» **What you will do**:
Please restate word for word the lines from the top of the entries through the line that contains "Dessen Besichtigung bildete", and do not include any pictures.

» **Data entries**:
((
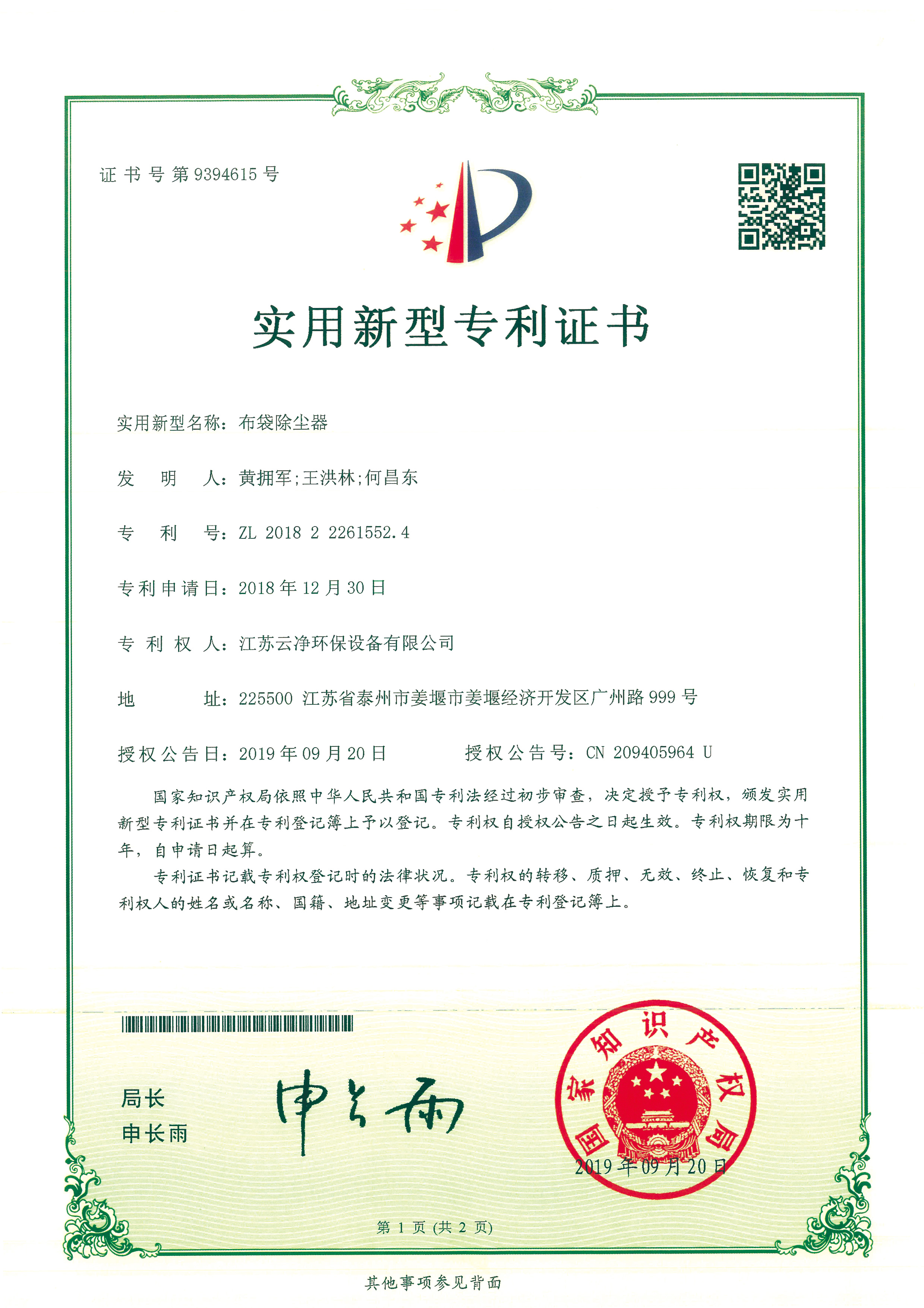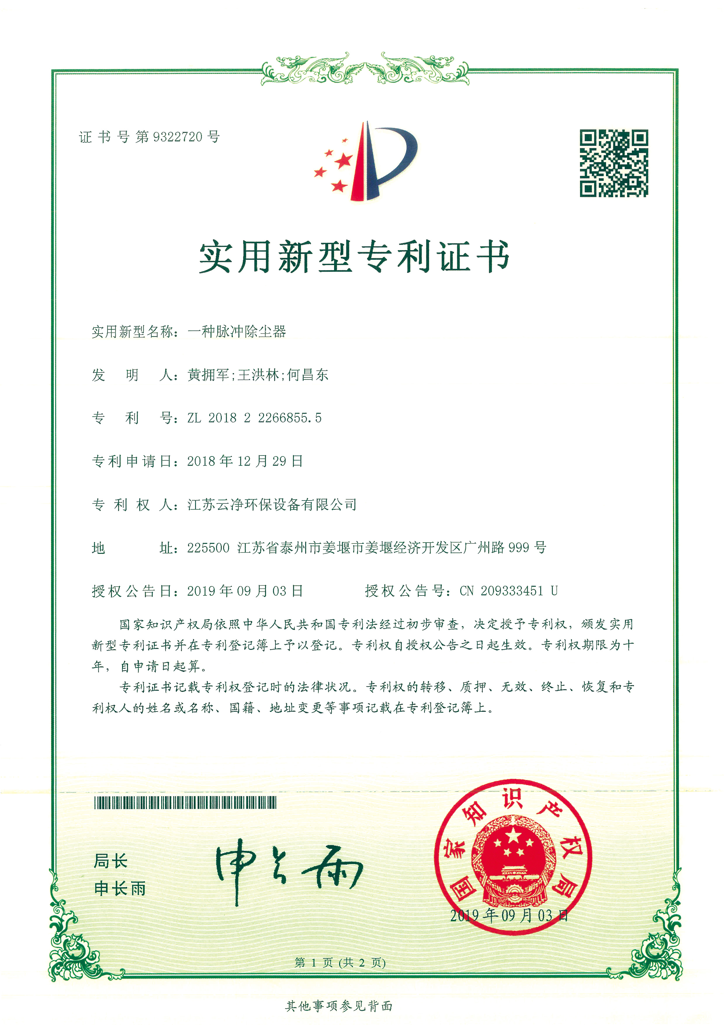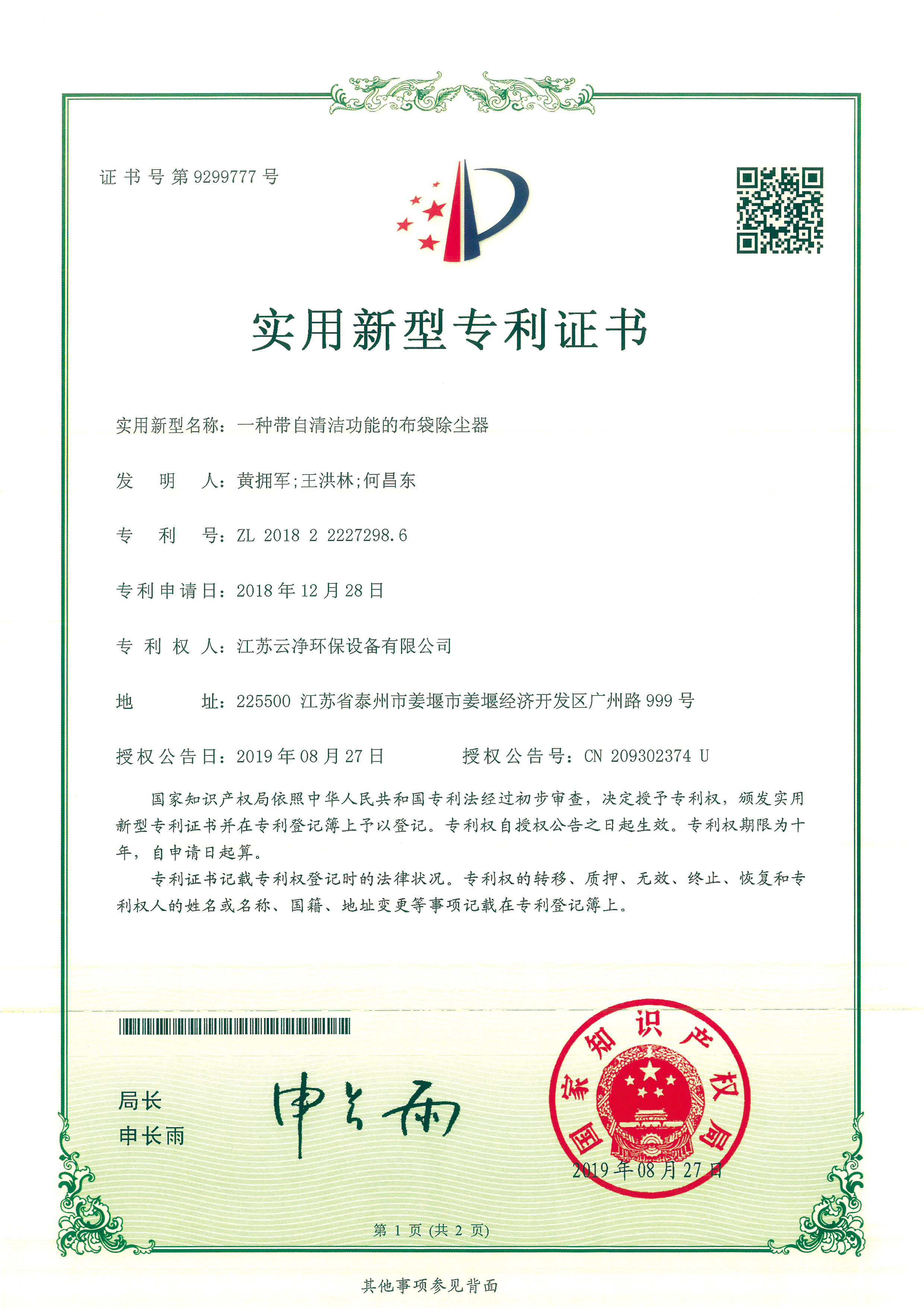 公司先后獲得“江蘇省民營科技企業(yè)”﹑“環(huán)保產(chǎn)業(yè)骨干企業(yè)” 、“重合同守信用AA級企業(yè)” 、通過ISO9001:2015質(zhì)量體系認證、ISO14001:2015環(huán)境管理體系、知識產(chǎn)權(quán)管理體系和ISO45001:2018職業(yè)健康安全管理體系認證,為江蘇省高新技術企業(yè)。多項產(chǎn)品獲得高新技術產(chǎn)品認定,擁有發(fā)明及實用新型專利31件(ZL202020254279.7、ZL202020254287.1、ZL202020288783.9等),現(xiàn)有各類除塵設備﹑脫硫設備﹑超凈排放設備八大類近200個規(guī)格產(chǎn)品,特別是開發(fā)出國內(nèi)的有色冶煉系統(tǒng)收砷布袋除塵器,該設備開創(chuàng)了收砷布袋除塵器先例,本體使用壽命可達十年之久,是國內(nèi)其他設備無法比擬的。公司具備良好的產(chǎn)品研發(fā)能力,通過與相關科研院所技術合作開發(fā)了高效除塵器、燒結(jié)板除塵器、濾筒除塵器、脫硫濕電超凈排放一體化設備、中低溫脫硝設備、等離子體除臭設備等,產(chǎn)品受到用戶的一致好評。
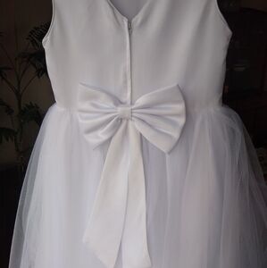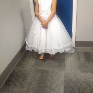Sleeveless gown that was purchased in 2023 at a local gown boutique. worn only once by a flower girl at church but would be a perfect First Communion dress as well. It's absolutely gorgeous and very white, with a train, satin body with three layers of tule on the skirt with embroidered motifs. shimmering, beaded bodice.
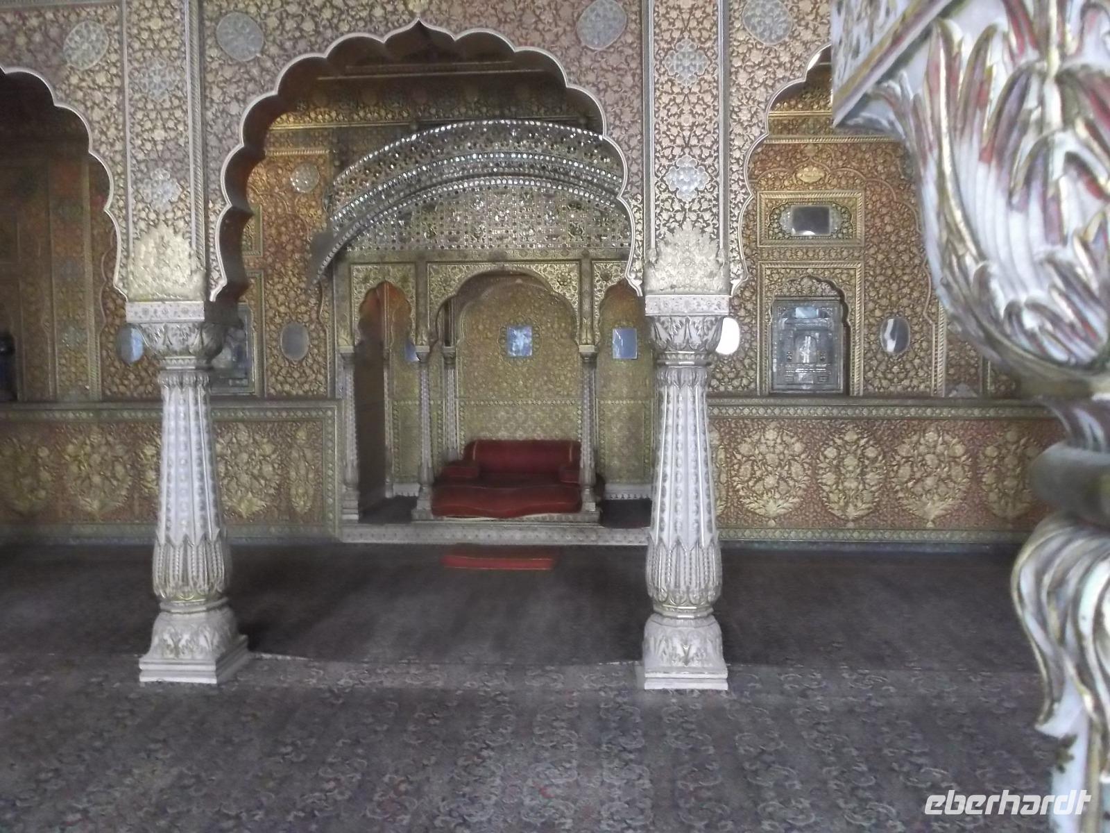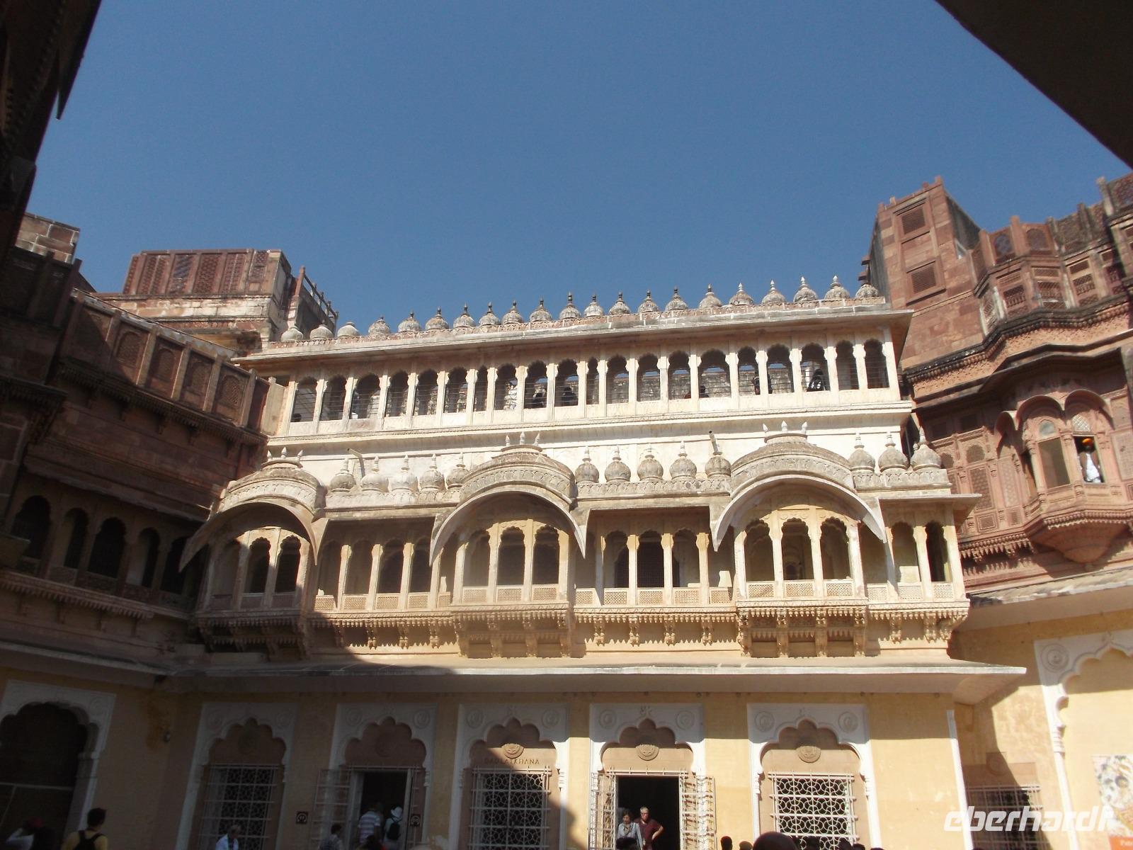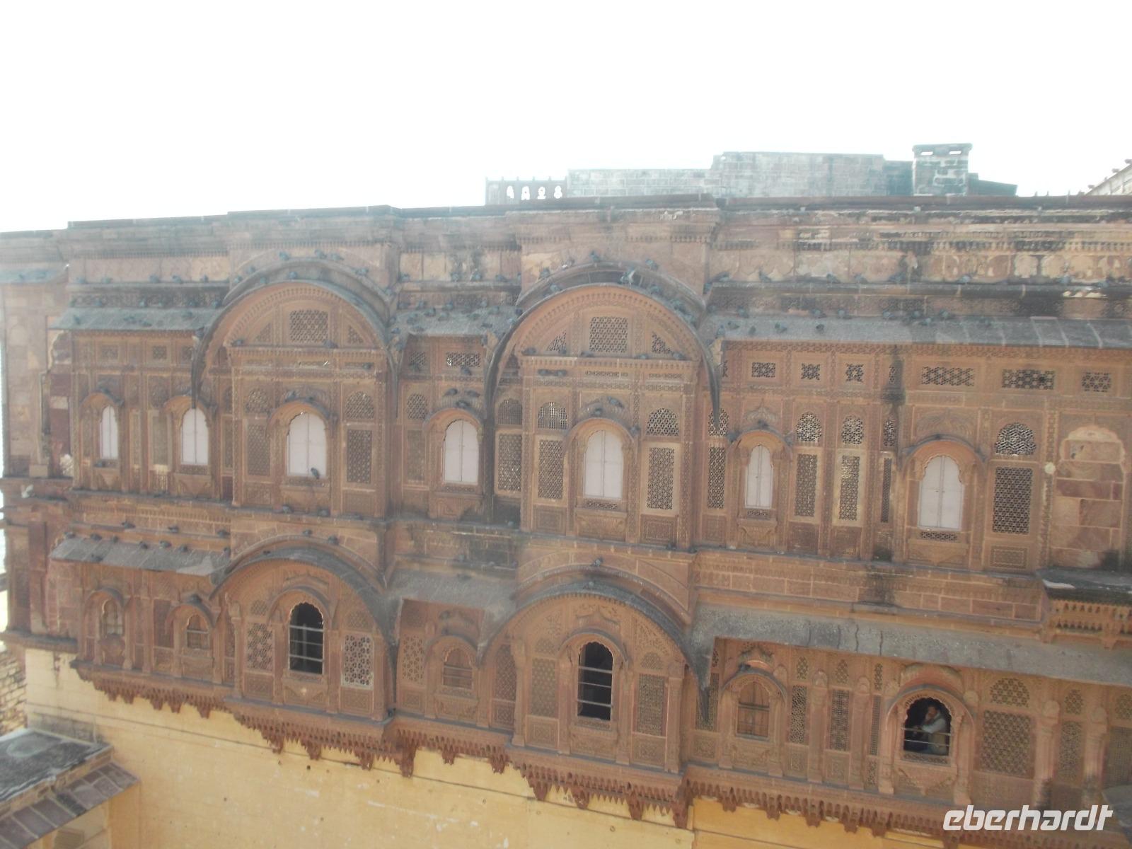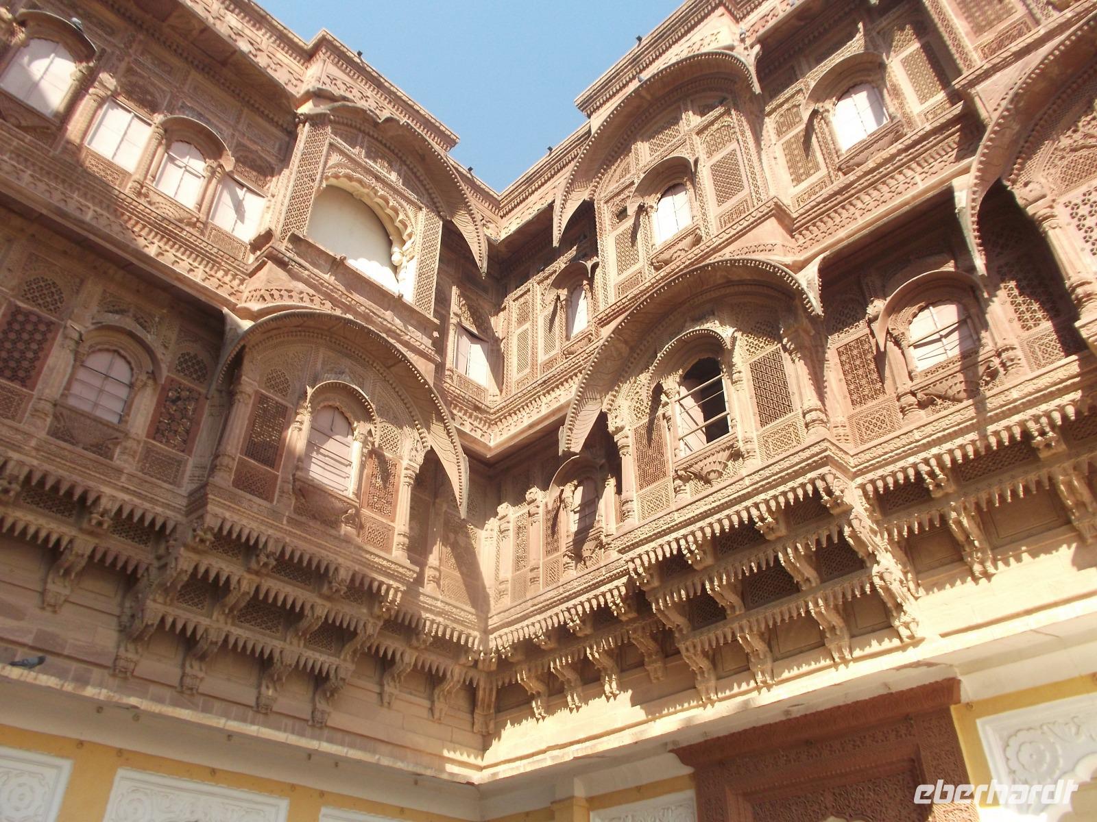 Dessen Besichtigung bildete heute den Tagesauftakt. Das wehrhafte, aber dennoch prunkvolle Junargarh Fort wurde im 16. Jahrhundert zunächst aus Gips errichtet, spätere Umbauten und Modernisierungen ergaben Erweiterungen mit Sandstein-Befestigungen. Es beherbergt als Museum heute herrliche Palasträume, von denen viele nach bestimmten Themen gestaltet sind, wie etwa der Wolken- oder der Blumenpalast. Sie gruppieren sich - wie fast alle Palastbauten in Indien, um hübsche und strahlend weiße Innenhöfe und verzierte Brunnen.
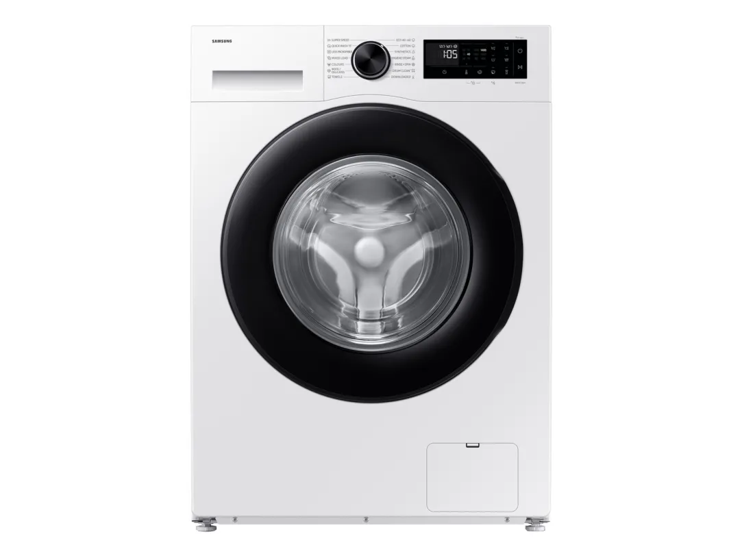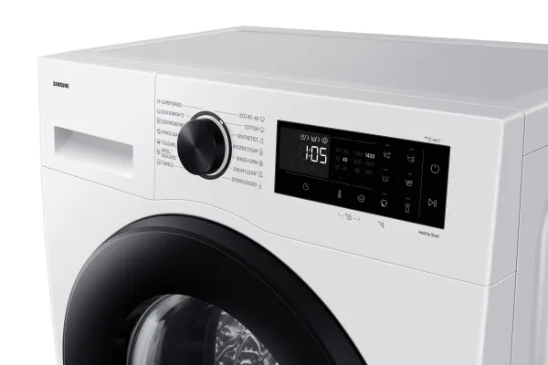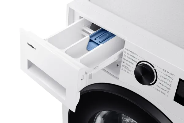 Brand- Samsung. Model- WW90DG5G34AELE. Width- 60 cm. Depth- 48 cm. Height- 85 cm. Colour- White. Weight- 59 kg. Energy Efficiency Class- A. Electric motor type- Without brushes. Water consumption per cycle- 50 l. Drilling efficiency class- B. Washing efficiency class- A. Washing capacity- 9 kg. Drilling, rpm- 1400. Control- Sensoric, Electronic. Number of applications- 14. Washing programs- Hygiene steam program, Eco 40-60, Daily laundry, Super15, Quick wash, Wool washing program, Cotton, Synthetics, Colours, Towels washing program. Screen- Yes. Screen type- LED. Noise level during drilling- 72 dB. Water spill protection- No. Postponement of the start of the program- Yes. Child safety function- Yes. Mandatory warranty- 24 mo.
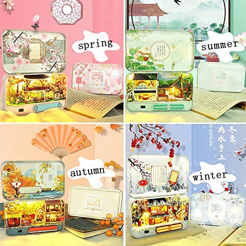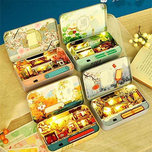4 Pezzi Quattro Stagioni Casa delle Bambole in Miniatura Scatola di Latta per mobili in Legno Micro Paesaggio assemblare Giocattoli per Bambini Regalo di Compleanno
))
» **Reply**:
 公司先后獲得“江蘇省民營科技企業(yè)”﹑“環(huán)保產(chǎn)業(yè)骨干企業(yè)” 、“重合同守信用AA級企業(yè)” 、通過ISO9001:2015質(zhì)量體系認證、ISO14001:2015環(huán)境管理體系、知識產(chǎn)權(quán)管理體系和ISO45001:2018職業(yè)健康安全管理體系認證,為江蘇省高新技術企業(yè)。多項產(chǎn)品獲得高新技術產(chǎn)品認定,擁有發(fā)明及實用新型專利31件(ZL202020254279.7、ZL202020254287.1、ZL202020288783.9等),現(xiàn)有各類除塵設備﹑脫硫設備﹑超凈排放設備八大類近200個規(guī)格產(chǎn)品,特別是開發(fā)出國內(nèi)的有色冶煉系統(tǒng)收砷布袋除塵器,該設備開創(chuàng)了收砷布袋除塵器先例,本體使用壽命可達十年之久,是國內(nèi)其他設備無法比擬的。公司具備良好的產(chǎn)品研發(fā)能力,通過與相關科研院所技術合作開發(fā)了高效除塵器、燒結(jié)板除塵器、濾筒除塵器、脫硫濕電超凈排放一體化設備、中低溫脫硝設備、等離子體除臭設備等,產(chǎn)品受到用戶的一致好評。
Sleeveless gown that was purchased in 2023 at a local gown boutique. worn only once by a flower girl at church but would be a perfect First Communion dress as well. It's absolutely gorgeous and very white, with a train, satin body with three layers of tule on the skirt with embroidered motifs. shimmering, beaded bodice.
 Dessen Besichtigung bildete heute den Tagesauftakt. Das wehrhafte, aber dennoch prunkvolle Junargarh Fort wurde im 16. Jahrhundert zunächst aus Gips errichtet, spätere Umbauten und Modernisierungen ergaben Erweiterungen mit Sandstein-Befestigungen. Es beherbergt als Museum heute herrliche Palasträume, von denen viele nach bestimmten Themen gestaltet sind, wie etwa der Wolken- oder der Blumenpalast. Sie gruppieren sich - wie fast alle Palastbauten in Indien, um hübsche und strahlend weiße Innenhöfe und verzierte Brunnen.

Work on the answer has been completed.